Yes, he penned a few eloquent slogans, but he also wrote and
very much believed in things bordering on the ridiculous. There were strong
elements of a tyrannical temperament in his beliefs and behaviors, and some
would say his eloquent, frequently-quoted lines were a form of self-serving propaganda
and image-manipulation for history.
And even the good things he wrote, Jefferson ignored close
to completely when he actually had power, both as President and as Governor of
Virginia.
He misused power and demonstrated hypocrisy and genuine cowardice
on a number of occasions. His penchant, almost an obsession, for secrecy was
dark and ominous. Jefferson, who loved being viewed as the perfectly
enlightened man, was observed by one visitor to Monticello beating a slave
quite harshly. The visitor recorded the incident for posterity.
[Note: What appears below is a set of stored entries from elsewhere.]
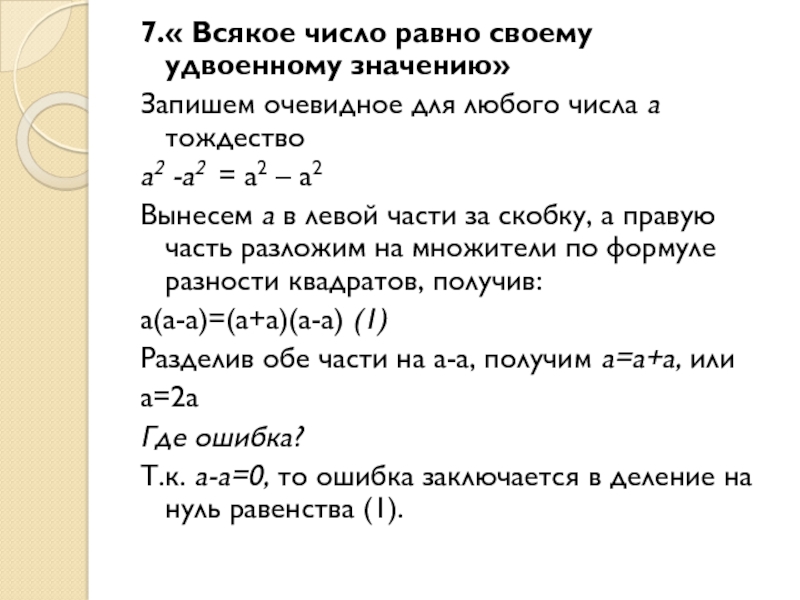 Слайд 127.« Всякое число равно своему удвоенному значению»
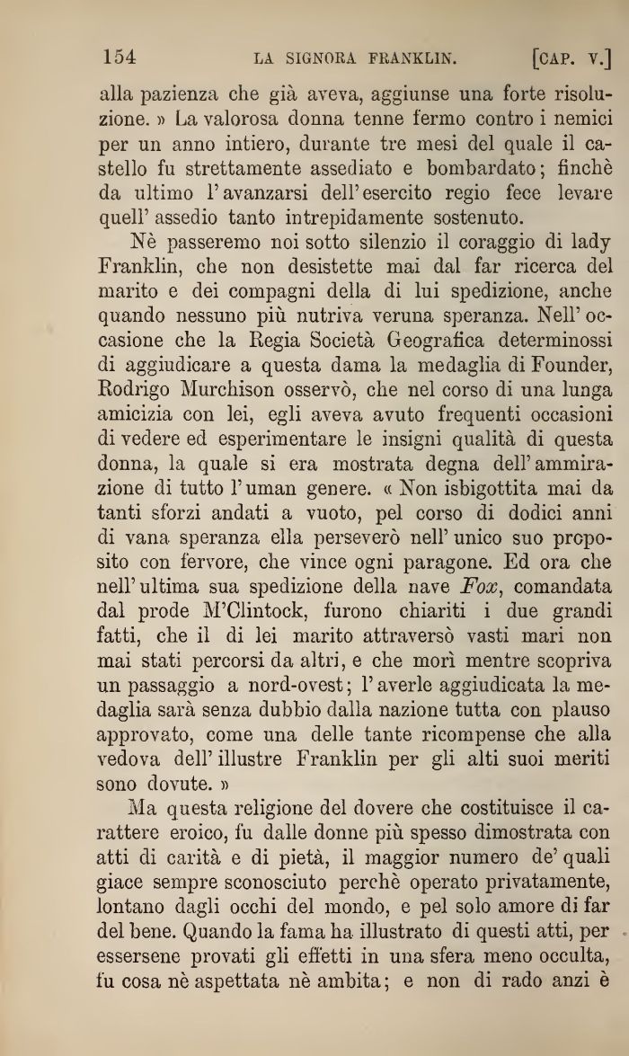 Nè passeremo noi sotto silenzio il coraggio di lady Franklin, che non desistette mai dal far ricerca del marito e dei compagni della di lui spedizione, anche quando nessuno più nutriva veruna speranza. Neil' occasione che la Regia Società Geografica determinossi di aggiudicare a questa dama la medaglia di Founder, Rodrigo Murchison osservò, che nel corso di una lunga amicizia con lei, egli aveva avuto frequenti occasioni di vedere ed esperimentare le insigni qualità di questa donna, la quale si era mostrata degna dell'ammirazione di tutto Fumali genere. « Non isbigottita mai da tanti sfòrzi andati a vuoto, pel corso di dodici anni di vana speranza ella perseverò nell' unico suo proposito con fervore, che vince ogni paragone. Ed ora che nell'ultima sua spedizione della nave Fox, comandata dal prode M'Clintock, furono chiariti i due grandi fatti, che il di lei marito attraversò vasti .mari non mai stati percorsi da altri, e che morì mentre scopriva un passaggio a nord-ovest ; F averle aggiudicata la medaglia sarà senza dubbio dalla nazione tutta con plauso approvato, come una delle tante ricompense che alla vedova dell' illustre Franklin per gli alti suoi meriti sono dovute. »
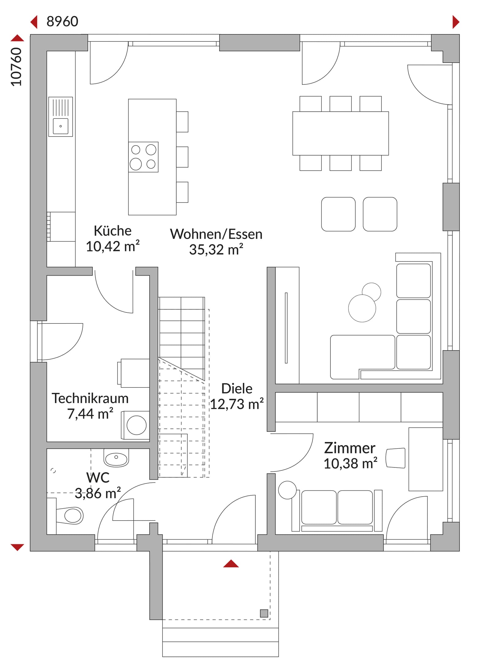 Herzstück im Erdgeschoss ist der offen geplante Bereich aus Wohnen und Essen mit 35,32 m²: hier ist Platz für lange Tischrunden, Spielzeug auf dem Boden und trotzdem genügend Luft im Raum. Die Küche ist direkt angebunden und bleibt mit ihrer eigenen Zone angenehm „bei sich“. Praktisch im Hintergrund: Technikraum und separates WC, genau dort, wo sie gebraucht werden. Oben verteilt sich das Familienleben auf vier Zimmer – vom Elternzimmer bis zum Kinderzimmer, Hobbyraum oder Ankleide-Plus. Das große Bad sorgt für entspanntere Morgen, der breite Flur nimmt Bewegung auf, ohne Enge zu erzeugen.
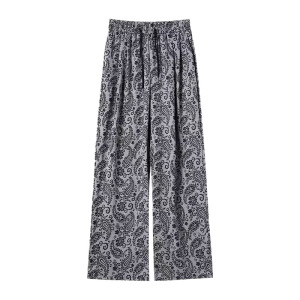 夏の女性向けの新しいレトロプリントワイドレッグパンツ、レイジーハイウエスト、ゆったり、スリム、ストレートレッグ、ポケットなしパンツ
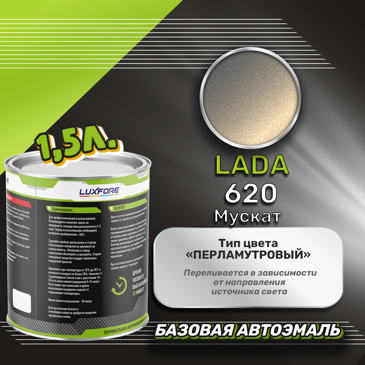 Купить Luxfore краска базовая эмаль LADA 620 Мускат 1500 мл
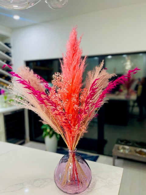 A beautiful combination of light and hot pink 32 inch pampas grass infused with a few fuchsia oat stems all the way around a glass pink vase.
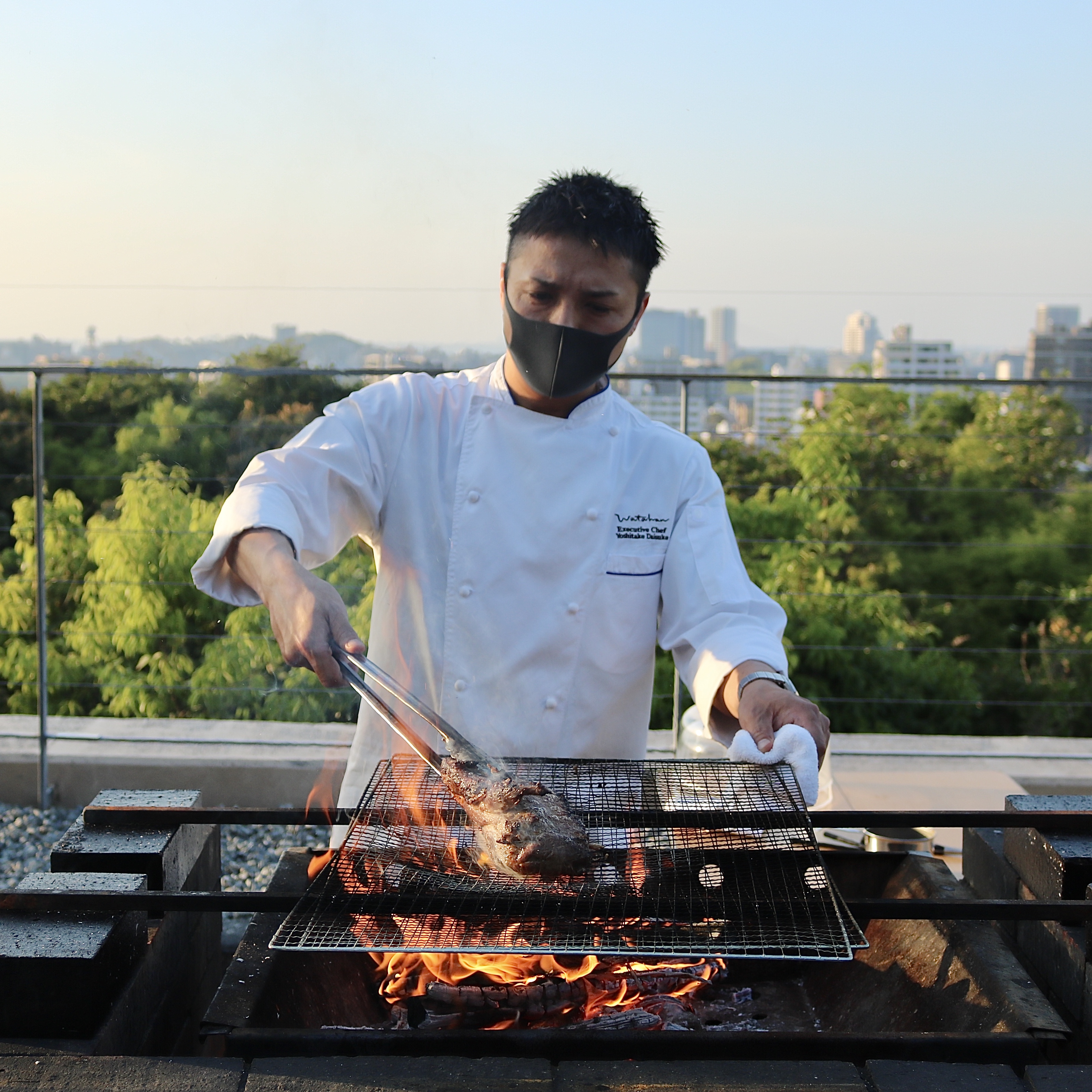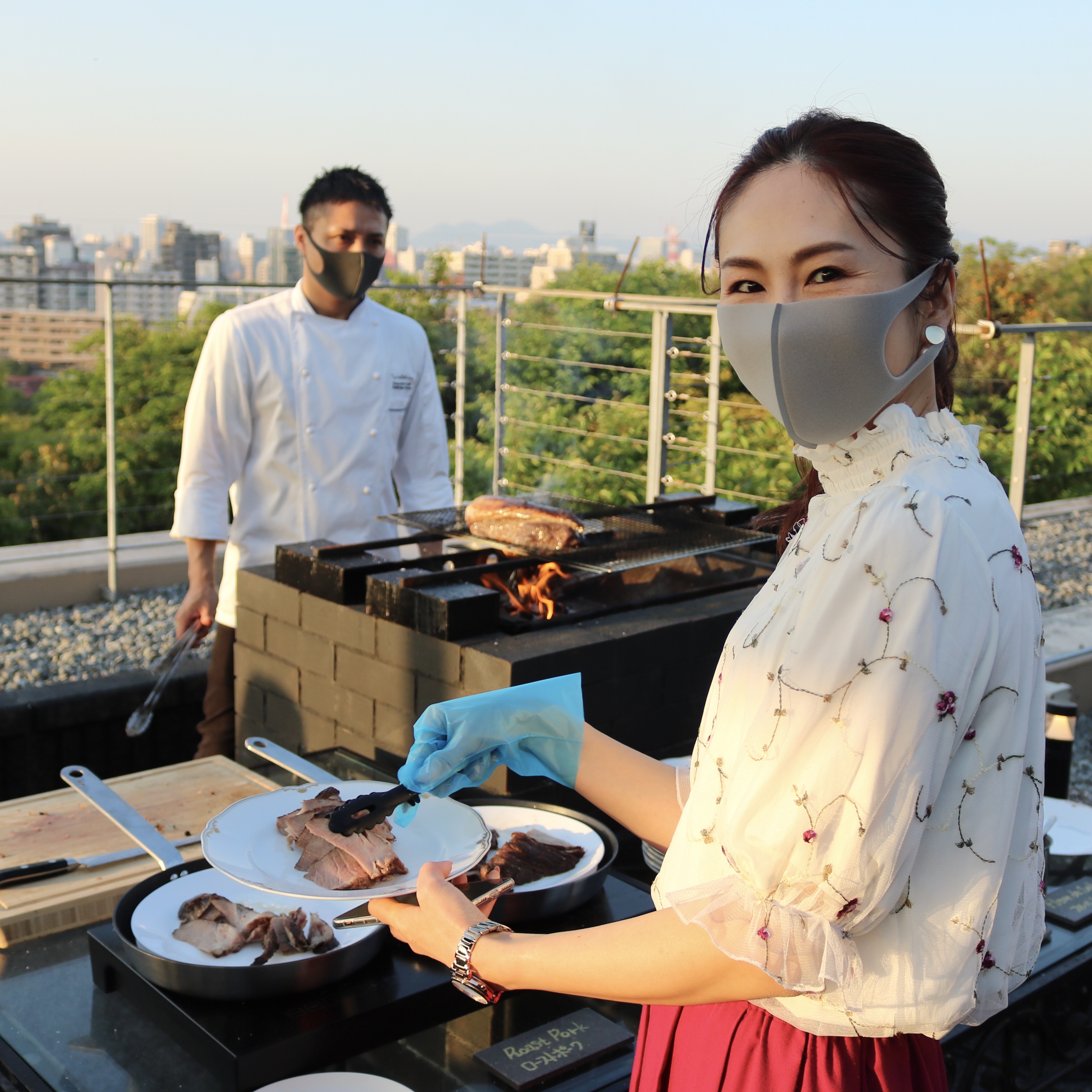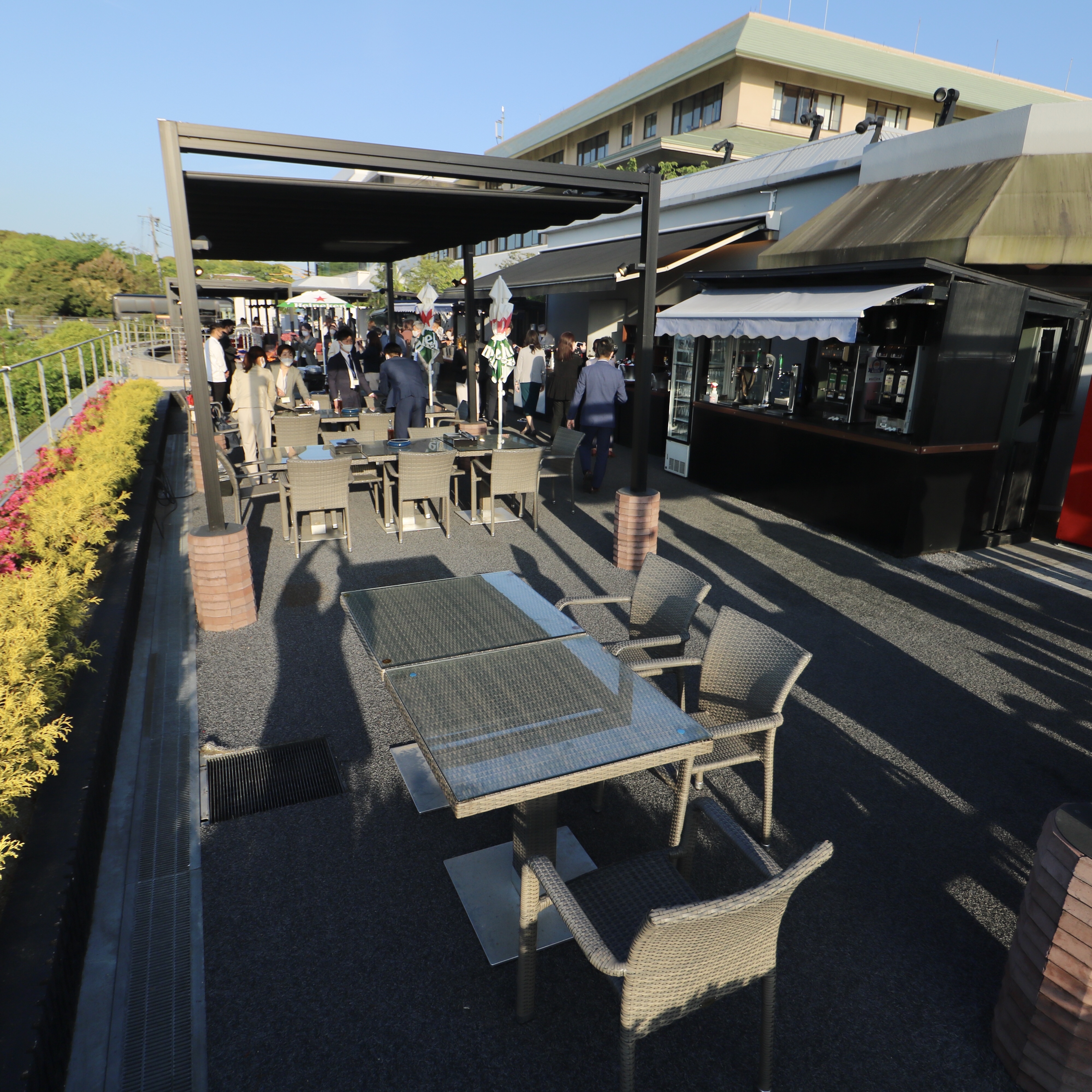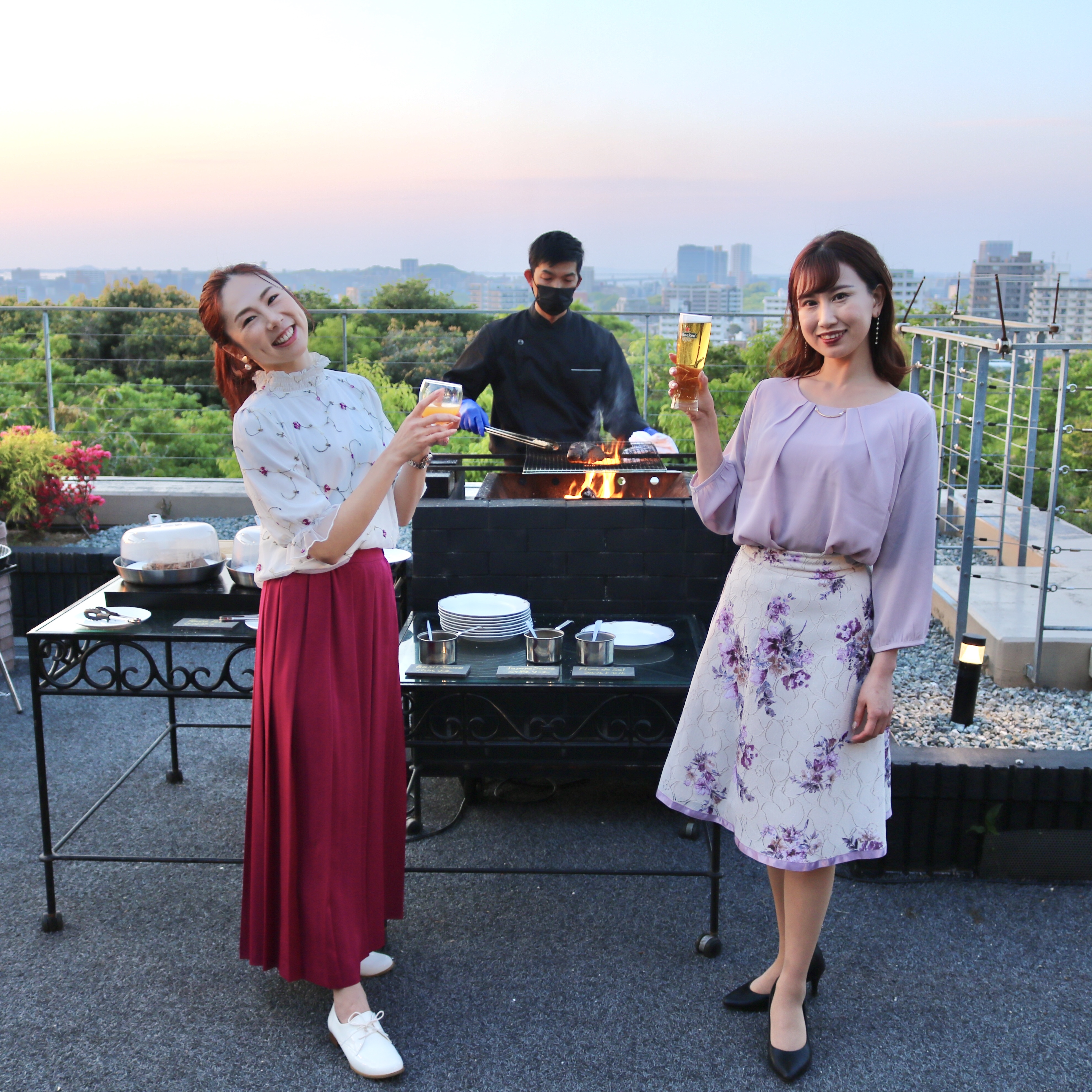同レストランにて、青空の下、開放感溢れるスタイリッシュな空間で、ちょっと贅沢なバーベキューランチ。ピクニック気分でランチのひとときをお楽しみいただけます。

Jefferson's sex life also was not something that speaks
highly of his character.
He started sleeping with Sally Hemmings when she was a 13-year-old
girl, after his wife died. She was, of course, a slave child on his plantation.
We have an affidavit from one of Sally’s grown children stating that Jefferson
was his father.
Jefferson never in his lifetime, despite a plantation with
over two hundred slaves, was able to earn his own living. He was a flop as a
lawyer. His tastes and demands were extravagant, he borrowed money from friends
regularly, and he died a bankrupt.
By the way, a talented yellow journalist of the day, Philip
Freneau – someone Jefferson secretly hired when he served as Secretary of State
to publish attacks against his boss, George Washington – later, feeling
badly-treated by Jefferson, wrote of Jefferson’s dark side and died under
mysterious circumstances.
It was said by some that Hemmings herself was the offspring
of his late wife’s father, another plantation owner, something, which if true,
suggests how ghastly the whole empire of slavery was. So, not only a slave, but
Sally may have been his wife’s younger half-sister.